As of 2012, Raley's operates 128 stores, 40 of them in the Greater Sacramento area. Those stores control the city's largest market share: 28%, down from 30% in 2007 and 34% in 2003, according to Metro Market Studies of Tucson, Arizona. By comparison, other local market shares are Safeway at 16.7%, Costco at 11.9% and Save Mart Supermarkets at 9.2%. However, the company is suffering from increased competition in the region as well as the poor economy, and had more than 150 corporate layoffs in 2011 and closed several stores in 2012.

Supermarket News ranks Raley's 38th in the "Top 75 North American Food Retailers" based on sales of $3.4 billion. Consumer Reports surveys rank Raley's among the top U.S. supermarket chains, in particular for customer service. The same held true for 2012, although the chain fell from 4th nationwide in 2009 to 8th.

Thomas Raley's family still controls the company. His grandson, Michael Teel, became the majority shareholder in mid-2015 and currently serves as chairman. Keith Knopf was named Raley's chief operating officer on June 1, 2015, and added 'President' to his title in February 2017. He was then promoted to president and chief executive officer on September 27, 2018. Knopf has worked with May Co. Department Stores and Kohl's retail chain in the past.

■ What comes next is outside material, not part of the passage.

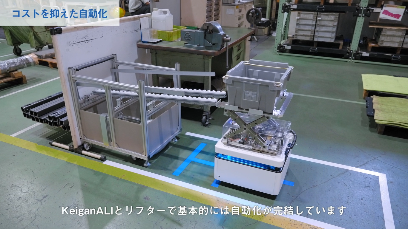 株式会社ホリゾン様は製本機器業界で世界トップクラスのシェアを誇るメーカーであり、自社工場での自動化のノウハウを活かしたSIerとしての事業も展開されています。KeiganALIと上部アタッチメントのシステム連携を自社で開発し、部品加工の工程間搬送を自動化。リードタイムを短縮しました。自社工場での導入を通し、AMRを活用した新たなソリューションの提供も検討されています。

In 2004, Raley's opened its first Aisle 1 brand gas station in Galt, California, and eventually grew Aisle 1 into 13 locations in Northern California and Nevada. Raley's sold all 13 Aisle 1 locations to Anabi Oil in December 2018. The Sacramento River Cats, Triple-A affiliate of the San Francisco Giants, are based at what is now named Sutter Health Park; it was previously named Raley Field from 2000 to 2019.

On October 28, 2019, Raley's announced plans to close 27 in–store pharmacies. The company transferred prescriptions from affected stores to various CVS Pharmacy, Rite Aid and Walgreens locations.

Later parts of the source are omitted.